:: Records for processing
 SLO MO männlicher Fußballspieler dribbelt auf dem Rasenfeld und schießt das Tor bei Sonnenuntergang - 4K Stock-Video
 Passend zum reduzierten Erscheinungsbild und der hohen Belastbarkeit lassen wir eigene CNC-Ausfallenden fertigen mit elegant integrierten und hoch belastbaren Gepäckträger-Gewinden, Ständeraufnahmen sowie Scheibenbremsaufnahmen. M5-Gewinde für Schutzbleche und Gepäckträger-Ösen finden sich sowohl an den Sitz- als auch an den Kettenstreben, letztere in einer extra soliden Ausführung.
::::
:: Records for processing
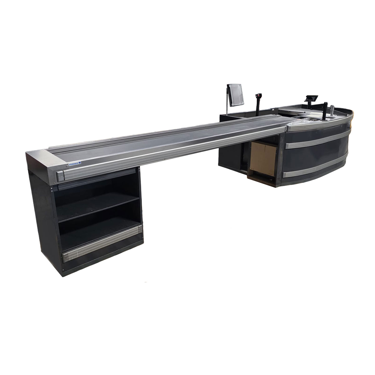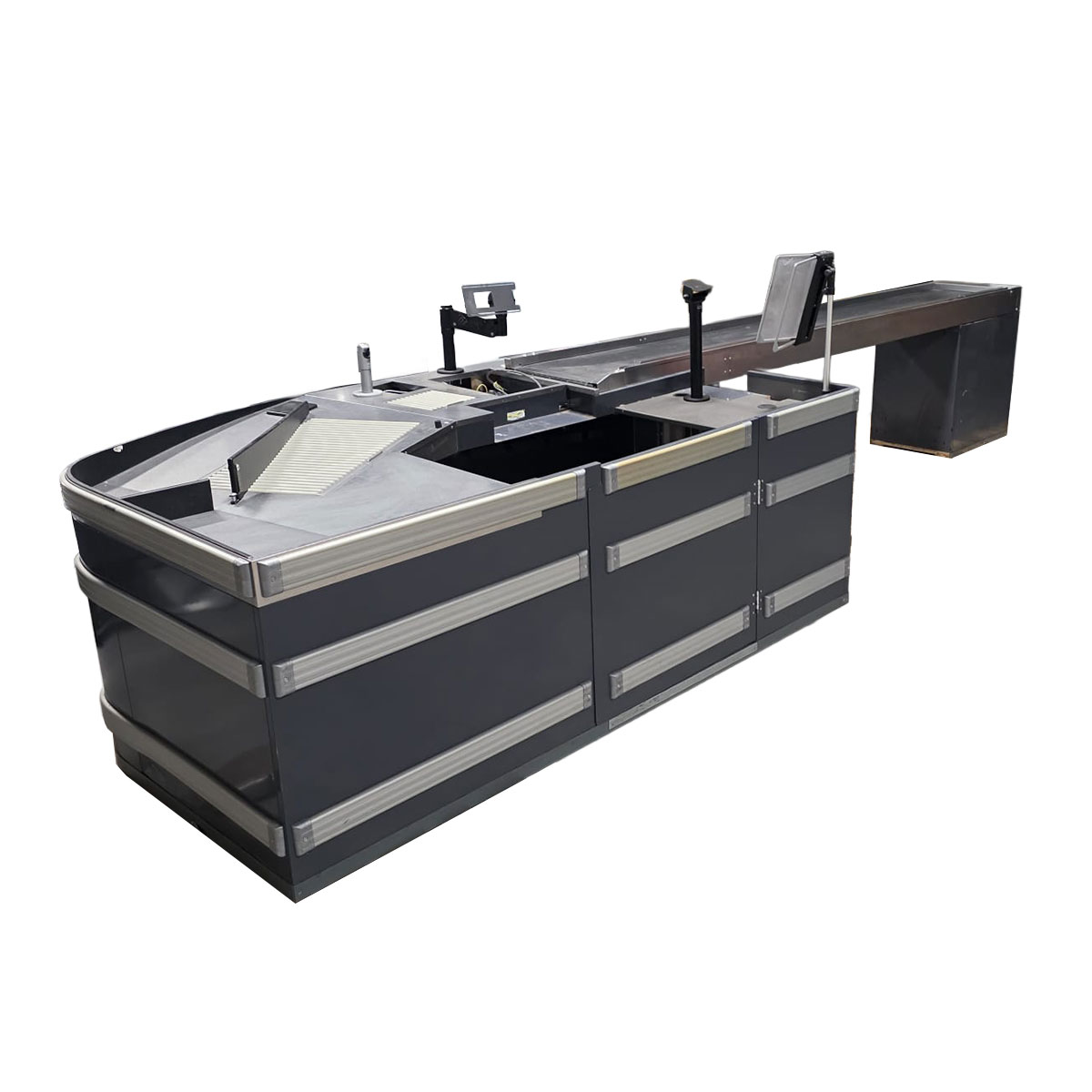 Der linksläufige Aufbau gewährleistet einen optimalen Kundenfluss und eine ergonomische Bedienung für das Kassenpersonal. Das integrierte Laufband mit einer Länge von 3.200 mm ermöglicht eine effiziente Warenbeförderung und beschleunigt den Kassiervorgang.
::::
[Task to carry out]
Of the entries above, repeat exactly the lines between the line with "SLO MO männlicher" and the line with "Passend zum reduzierten", inclusive, and no others.

[Completed exercise]
 SLO MO männlicher Fußballspieler dribbelt auf dem Rasenfeld und schießt das Tor bei Sonnenuntergang - 4K Stock-Video
 Passend zum reduzierten Erscheinungsbild und der hohen Belastbarkeit lassen wir eigene CNC-Ausfallenden fertigen mit elegant integrierten und hoch belastbaren Gepäckträger-Gewinden, Ständeraufnahmen sowie Scheibenbremsaufnahmen. M5-Gewinde für Schutzbleche und Gepäckträger-Ösen finden sich sowohl an den Sitz- als auch an den Kettenstreben, letztere in einer extra soliden Ausführung.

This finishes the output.